The entries below contain a stretch that opens with the line containing "Incredible new custom" and closes with the line containing "2009年,祖国六十周年华诞前夕,美国白宫前大草坪上庄严升起五星红旗"; set down that stretch exactly, both ends included, and nothing else.

======== Data for the task ========

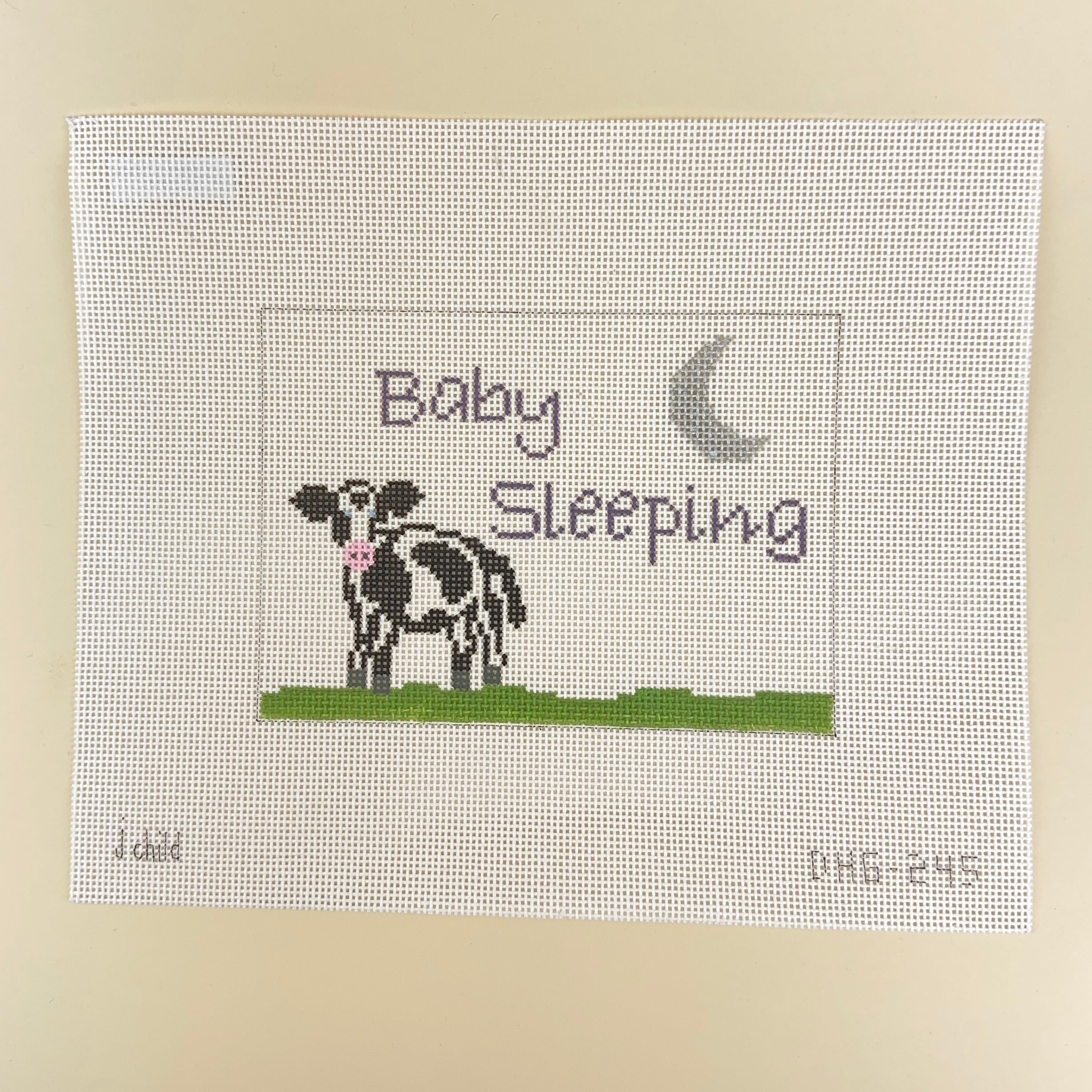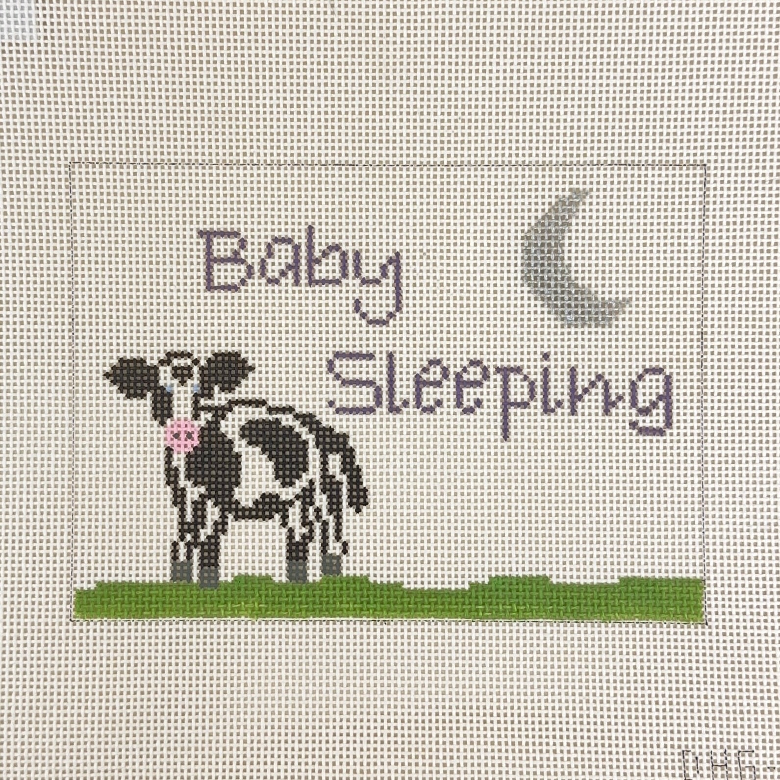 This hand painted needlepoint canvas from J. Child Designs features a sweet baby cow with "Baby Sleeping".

========
======== Data for the task ========

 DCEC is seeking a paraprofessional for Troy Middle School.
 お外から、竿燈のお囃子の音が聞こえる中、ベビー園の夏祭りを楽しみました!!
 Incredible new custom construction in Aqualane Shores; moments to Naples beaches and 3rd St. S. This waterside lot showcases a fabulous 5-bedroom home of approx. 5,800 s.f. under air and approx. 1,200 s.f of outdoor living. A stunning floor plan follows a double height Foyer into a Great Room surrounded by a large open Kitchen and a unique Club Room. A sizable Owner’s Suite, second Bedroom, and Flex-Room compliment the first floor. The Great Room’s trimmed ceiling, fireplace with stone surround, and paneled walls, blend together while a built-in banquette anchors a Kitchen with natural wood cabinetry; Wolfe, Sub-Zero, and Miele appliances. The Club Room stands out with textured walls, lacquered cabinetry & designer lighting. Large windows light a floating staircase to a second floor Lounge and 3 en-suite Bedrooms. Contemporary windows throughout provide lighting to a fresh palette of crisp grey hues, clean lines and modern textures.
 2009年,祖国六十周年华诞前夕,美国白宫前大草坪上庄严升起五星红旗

========

> [Answer box]:
 Incredible new custom construction in Aqualane Shores; moments to Naples beaches and 3rd St. S. This waterside lot showcases a fabulous 5-bedroom home of approx. 5,800 s.f. under air and approx. 1,200 s.f of outdoor living. A stunning floor plan follows a double height Foyer into a Great Room surrounded by a large open Kitchen and a unique Club Room. A sizable Owner’s Suite, second Bedroom, and Flex-Room compliment the first floor. The Great Room’s trimmed ceiling, fireplace with stone surround, and paneled walls, blend together while a built-in banquette anchors a Kitchen with natural wood cabinetry; Wolfe, Sub-Zero, and Miele appliances. The Club Room stands out with textured walls, lacquered cabinetry & designer lighting. Large windows light a floating staircase to a second floor Lounge and 3 en-suite Bedrooms. Contemporary windows throughout provide lighting to a fresh palette of crisp grey hues, clean lines and modern textures.
 2009年,祖国六十周年华诞前夕,美国白宫前大草坪上庄严升起五星红旗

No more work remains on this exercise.